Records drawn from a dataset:
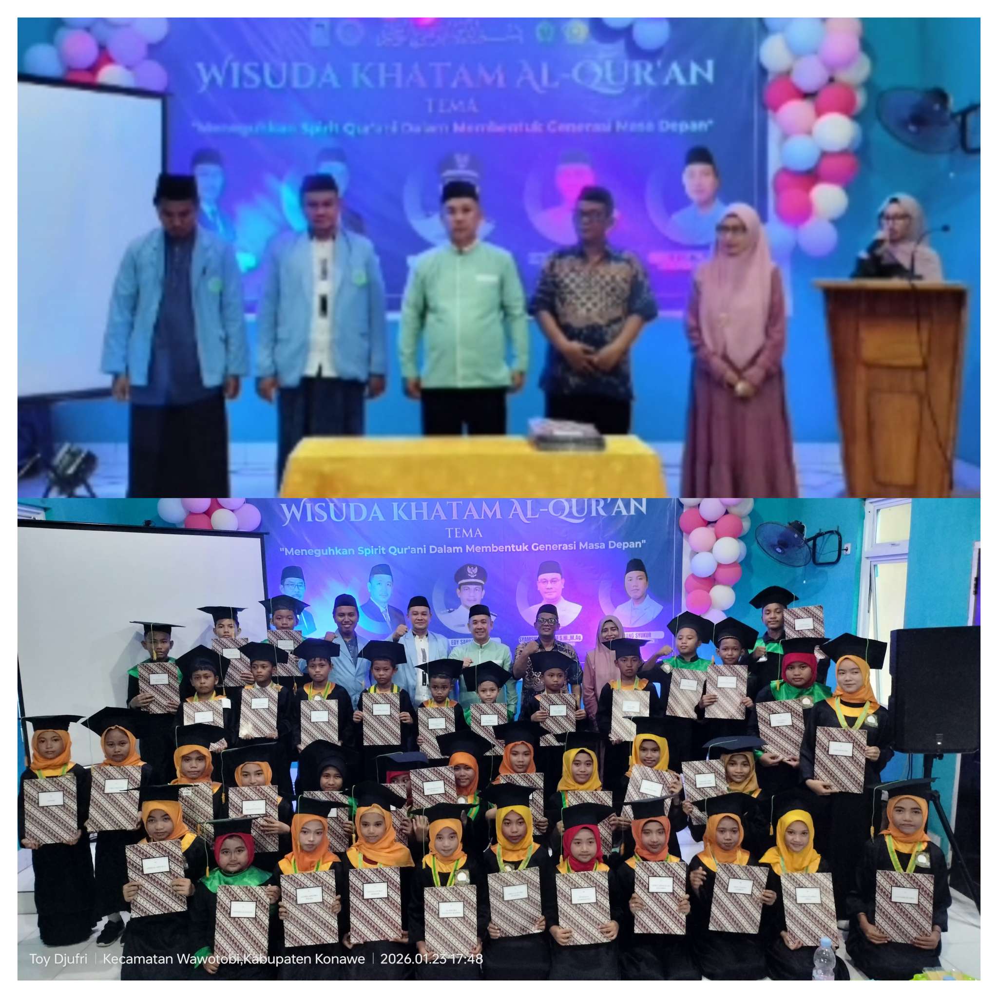 SULTRAONE.com.KONAWE – Dewan Pengurus Kecamatan Badan Komunikasi Pemuda Remaja Masjid Indonesia (DPK BKPRMI) Kecamatan Wawotobi sukses menggelar Wisuda Akbar Khatam Al-Qur’an Se-Kecamatan Wawotobi, Jumat, 23 Januari 2026.
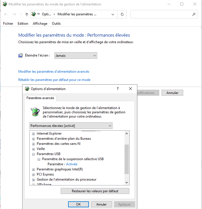 Se rendre également dans les options avancés du menu “gestion de l'alimentation” de Windows. Vérifier dans l'onglet “Paramètres USB” ⇒ “Paramètre de la suspension sélective USB”, que le paramètres soit configuré en Désactivée
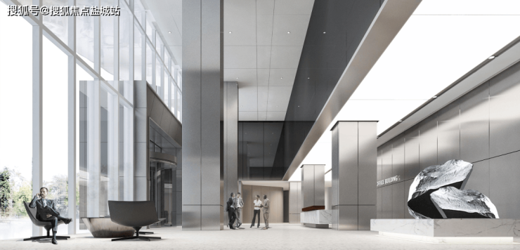 入户大堂以“城市会客厅”为设计理念,打造出具有艺术质感的商务空间。
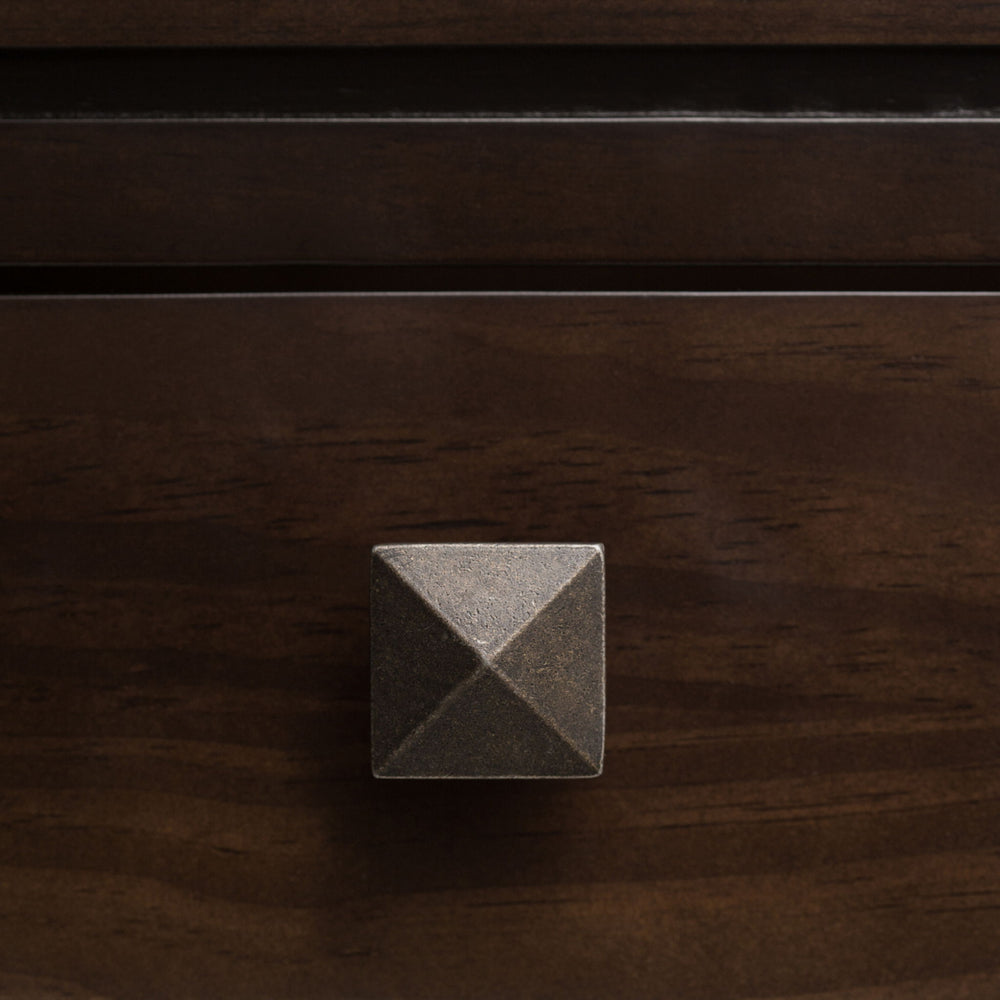 Contemporary design includes floating square edged top, square knobs with peaked top and square tapered legs.
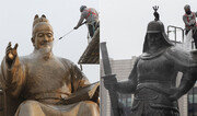 9일 오전 서울 광화문광장에서 세종대왕 동상(왼쪽 사진)과 이순신 장군 동상의 묵은 때를 벗겨내고 있다. 서울시는 매년 봄 두 동상을 세척해 부식을 방지하고 있다.안철민 기자 acm08@donga.com}
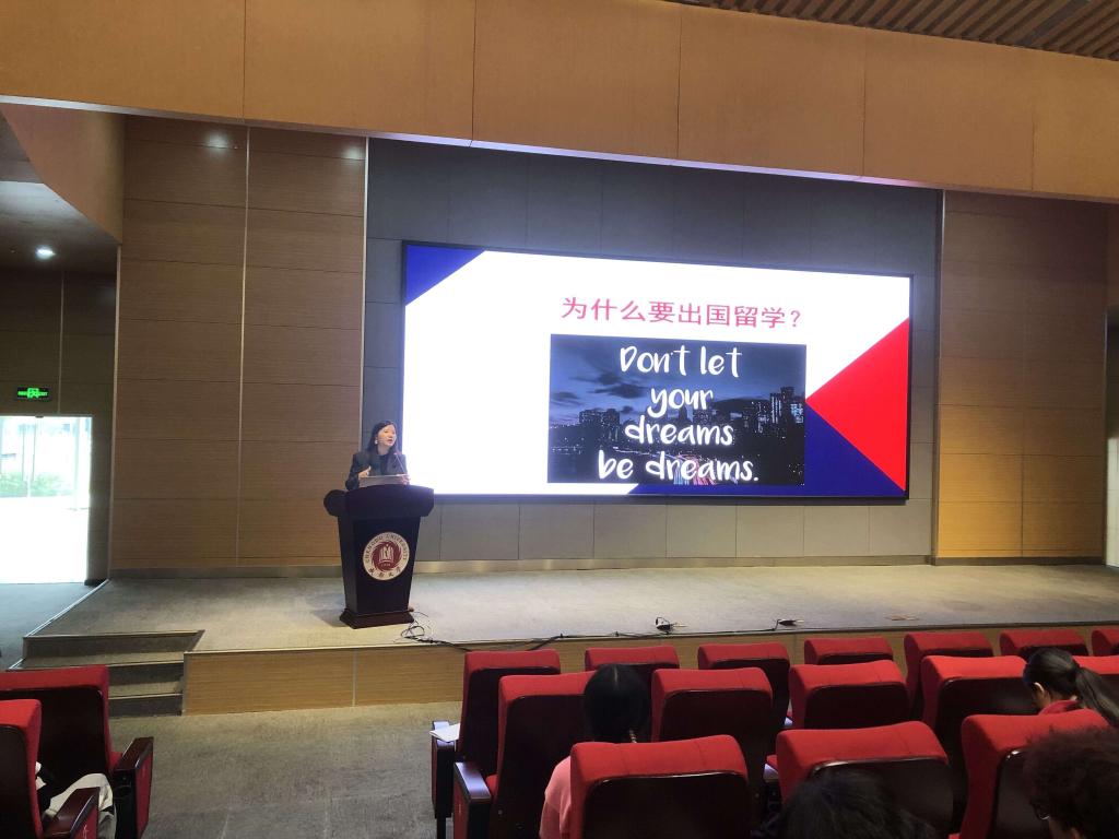 最后,邀请的考研规划辅导讲师董老师通过详实的数据、生动的案例介绍了从考研备考、目标院校选择等方面进行了深入的交流,针对性地介绍了同学们在报考院校时遇到的问题,并提出了具体实用的操作方法和备考建议。邀请的出国留学情况嘉宾张老师,从为什么要出国留学、不同国家地区留学院校选择情况介绍、出国留学的优势等方面进行了详细的交流介绍,希望同学尽早确定目标提前做好准备。
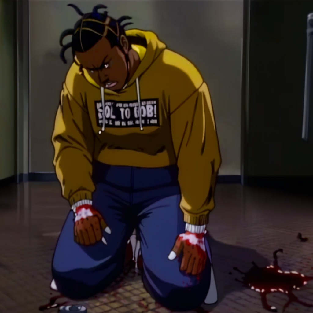 <lora:anglcp_angelcopXL:0.8> anglcp anime style, 1980s anime, anglcp style solo, black skin, full beard, yellow hoodie, blue pants, white shoes, white socks, blood everywhere, half of head blown off, brain particles on the floor, depth of field <lora:mkybrxl:0.8> mkybr, male focus, 1boy, dark-skinned male, small braids sticking out on head, photo background fat black man
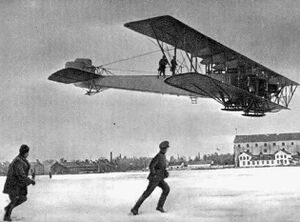 During 1913, Igor Sikorsky developed the first large multi-engine airplane, the Russky Vityaz.[4][5] This aircraft was subsequently refined into the more practical Ilya Muromets, being furnished with dual controls for a pilot and copilot and a comfortable cabin with a lavatory, cabin heating and lighting.[6] This large four-engine biplane was further adapted into an early bomber aircraft, preceding subsequent transport and bomber aircraft.[6] It first flew on 10 December 1913 and took off for its first demonstration flight with 16 passengers aboard on 25 February 1914. However, it was never used as a commercial airliner due to the onset of the First World War which led to military applications being prioritised.[7][8]
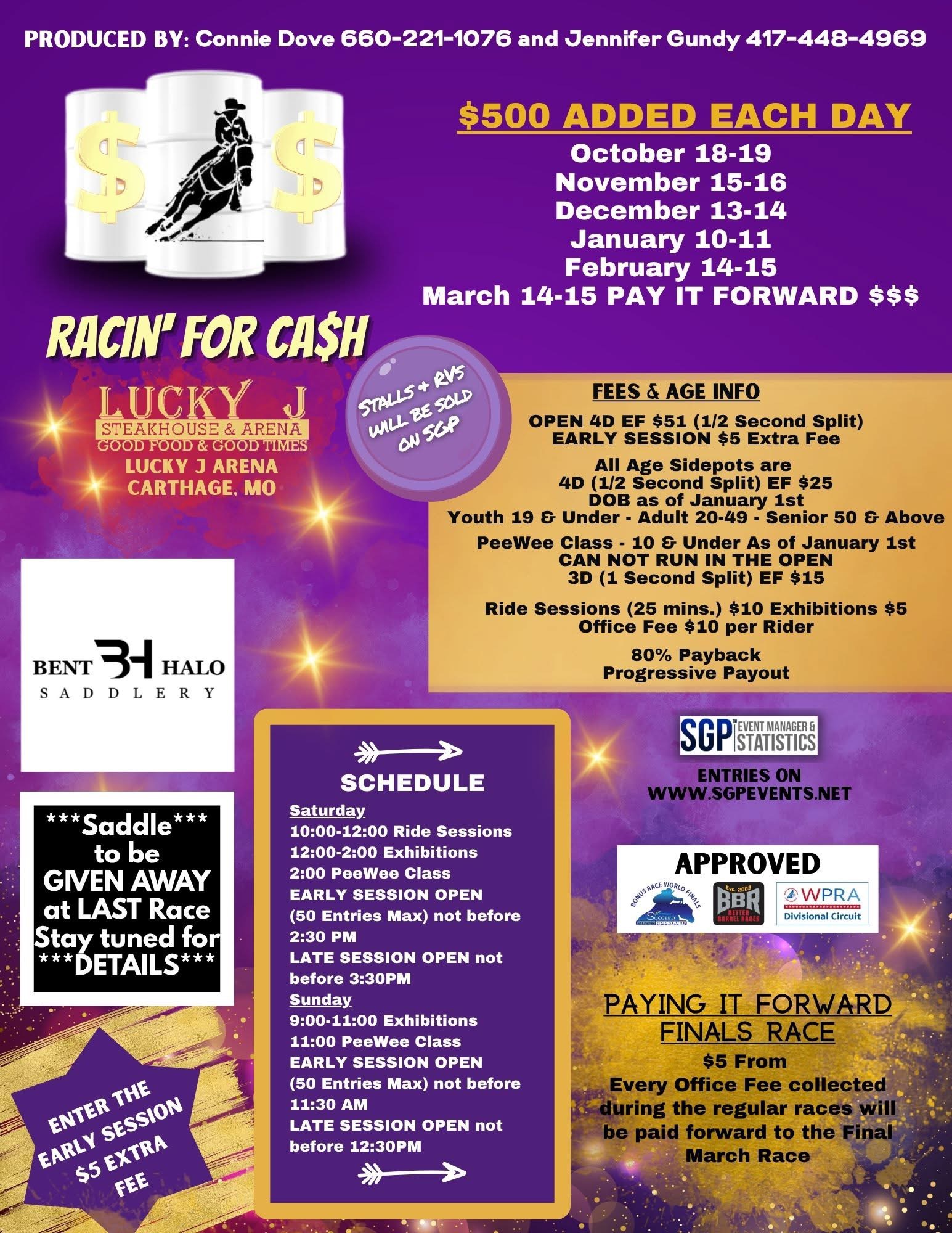 $500 Racin For Cash Race-HOOEY Jr Patriot on Sat. - 11/15/2025 to 11/16/2025 - Lucky J Steakhouse & Arena - Carthage, MO

WHAT YOU NEED TO DO: Exactly the lines from the one with "During 1913, Igor" through the end of the records should be written out, and only those. Pictures do not belong in the copy.

RESPONSE BOX:
 During 1913, Igor Sikorsky developed the first large multi-engine airplane, the Russky Vityaz.[4][5] This aircraft was subsequently refined into the more practical Ilya Muromets, being furnished with dual controls for a pilot and copilot and a comfortable cabin with a lavatory, cabin heating and lighting.[6] This large four-engine biplane was further adapted into an early bomber aircraft, preceding subsequent transport and bomber aircraft.[6] It first flew on 10 December 1913 and took off for its first demonstration flight with 16 passengers aboard on 25 February 1914. However, it was never used as a commercial airliner due to the onset of the First World War which led to military applications being prioritised.[7][8]
 $500 Racin For Cash Race-HOOEY Jr Patriot on Sat. - 11/15/2025 to 11/16/2025 - Lucky J Steakhouse & Arena - Carthage, MO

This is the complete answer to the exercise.